Though the postseason should be an opportunity for baseball to celebrate transcendent play on the field and attract new fans, the joys of October baseball in 2018 have been consistently marred by the grouchiness of old-school baseball fans.

In many ways, it is a tale as old as time; aging generations cannot help but bemoan changes to the things they once loved, be it baseball or otherwise. This “back in my day” attitude, however, will not help baseball reach younger audiences.

This pattern of frustration among announcers and older former players is troubling. Would a prospective baseball fan become more interested or less interested in the sport if he or she heard announcers constantly criticize the way the game is played today? To whom are these grumpy pundits pandering?

One frequent target for vilification is “the shift,” which adjusts the traditional setup of the infield depending on the tendency of a given batter to pull groundballs. When players hit into the shift, old-school pundits complain that players should be able to adjust. When players beat the shift, these same individuals immediately jump on the opportunity to entirely dismiss the strategy behind the defensive alignment. Pleasing the complainers proves impossible.

In reality, the shift should be seen as a triumph of the advancement of the game. Baseball, historically one of the slowest sports to accept change, embraced statistical analysis and concluded that putting fielders where the ball gets hit would be a good way to get outs: straightforward enough, right? Somehow, though, even logical changes like these infuriate groups of traditionalists who would die defending their conception of the “right way” to play.
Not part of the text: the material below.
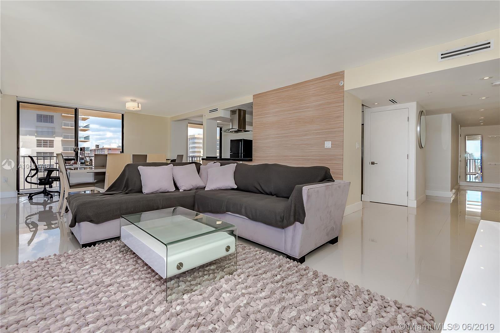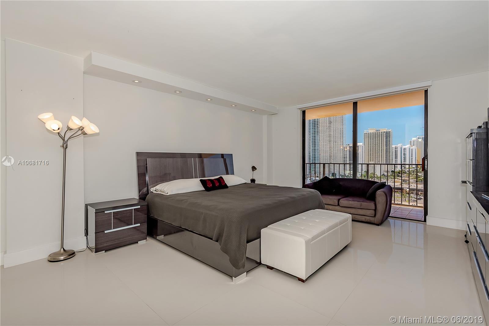 Extensively remodeled very large, corner unit, with huge balcony. Custom kitchen with granite counter tops, stainless steel appliances, porcelain floors throughout and smooth plaster ceilings. Features panoramic views of the Ocean, Sunny Isles and the skyline of Miami. Best line in the building. Unit comes with a storage room and 2 parking spots. Pool, gym, newly remodeled saunas and steam rooms, tennis court, party room, meeting room, library, games room, vending machines. Front gate and lobby have 24h security. Centrally located, it is closed to the shops, restaurants, major highways, Aventura Mall, & two Airports. Just footsteps from the beach. Washer/Dryer in the unit.

The uptick in home runs and strikeouts also draw the ire of those who seemingly look only for opportunities to criticize baseball. It is statistically accurate that there are fewer balls in play per game than there were during other eras, but it seems possible that fans would trade watching routine grounders for home runs 10 times out of 10. 

Sacrifice bunts and slap hitters are not the backbone of what makes baseball special. If MLB wants to encourage a younger generation to embrace the game, emphasizing the players who hit 450-foot home and throw 100-mph fastballs seems like a smart route. In a sports landscape dominated by the fast-paced, high-action play in the NBA and NFL, displays of elite athleticism like the home run and the strikeout are what will excite new fans, not pitchouts and groundball pitchers.

While there is a time and place for these somewhat unexciting plays, they are not the moments that make highlight reels or etch a place into sports history.

With change comes a nostalgia for the “good old days,” and some complaints held by traditionalists are valid. The decline of the stolen base, for example, does not help the game, but on the whole, baseball has morphed into a game that reflects the all-or-nothing mood of a generation.

If these trends go too far, baseball will self-correct, or rule changes could eventually resolve issues, but for now, baseball has become something slightly different, and in some ways, it’s better.